Data below:
>>>>>

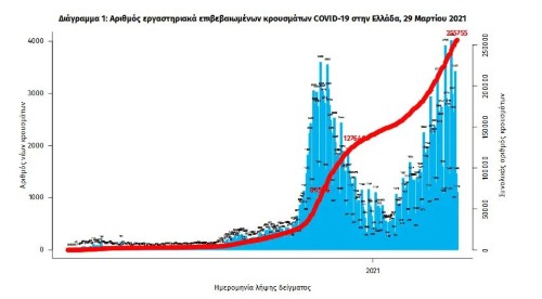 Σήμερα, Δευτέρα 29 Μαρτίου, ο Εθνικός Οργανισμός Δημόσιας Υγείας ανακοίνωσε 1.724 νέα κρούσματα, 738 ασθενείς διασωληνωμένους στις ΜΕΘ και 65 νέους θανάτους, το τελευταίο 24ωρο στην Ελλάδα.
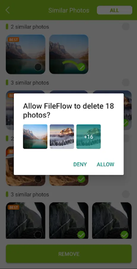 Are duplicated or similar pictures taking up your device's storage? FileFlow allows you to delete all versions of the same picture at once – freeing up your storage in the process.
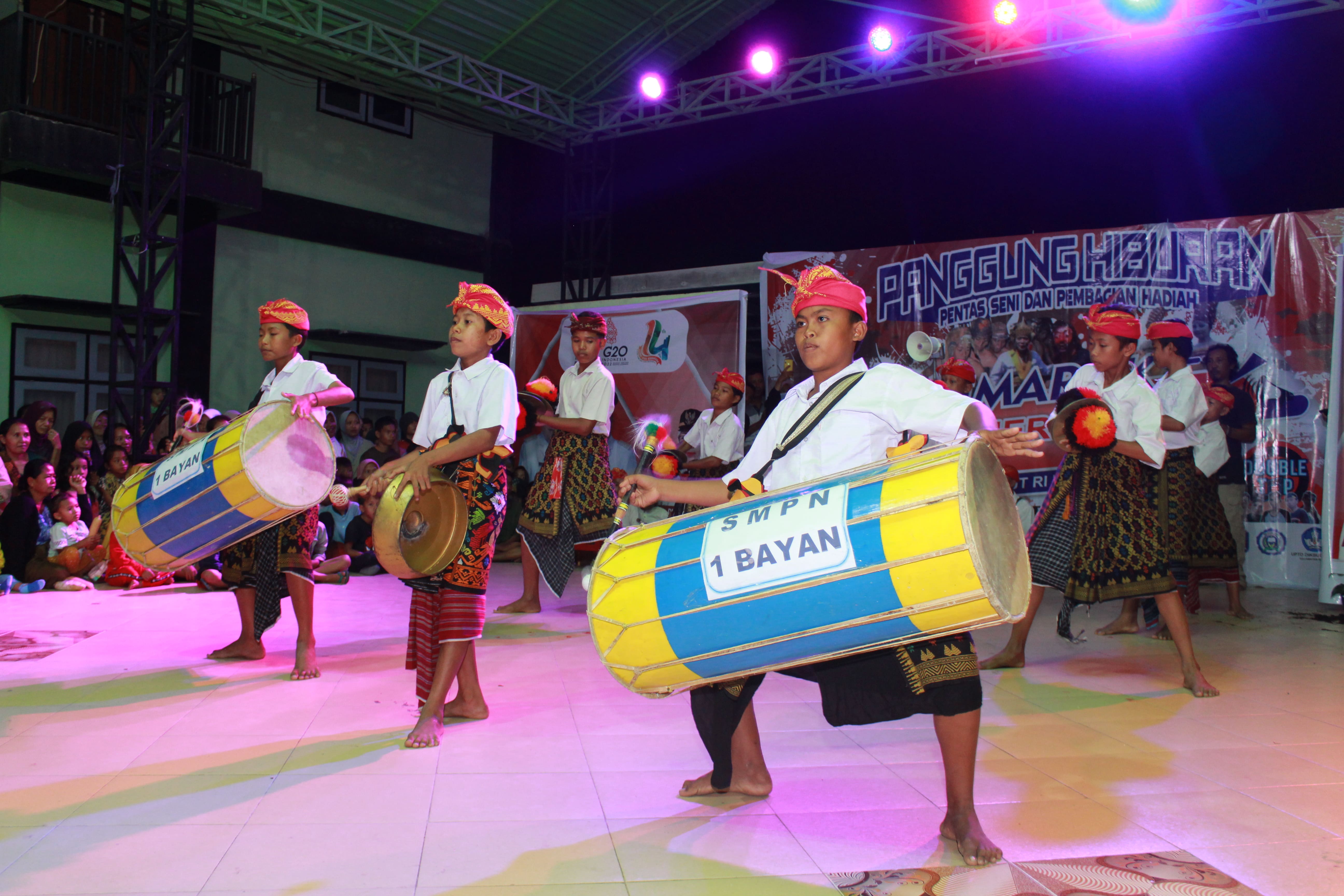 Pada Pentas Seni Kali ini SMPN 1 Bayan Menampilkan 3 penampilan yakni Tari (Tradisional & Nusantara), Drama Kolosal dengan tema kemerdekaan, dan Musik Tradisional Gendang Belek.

<<<<<

Required work:
Give back the material above exactly as written, but omit the images.

Task result:
 Σήμερα, Δευτέρα 29 Μαρτίου, ο Εθνικός Οργανισμός Δημόσιας Υγείας ανακοίνωσε 1.724 νέα κρούσματα, 738 ασθενείς διασωληνωμένους στις ΜΕΘ και 65 νέους θανάτους, το τελευταίο 24ωρο στην Ελλάδα.
 Are duplicated or similar pictures taking up your device's storage? FileFlow allows you to delete all versions of the same picture at once – freeing up your storage in the process.
 Pada Pentas Seni Kali ini SMPN 1 Bayan Menampilkan 3 penampilan yakni Tari (Tradisional & Nusantara), Drama Kolosal dengan tema kemerdekaan, dan Musik Tradisional Gendang Belek.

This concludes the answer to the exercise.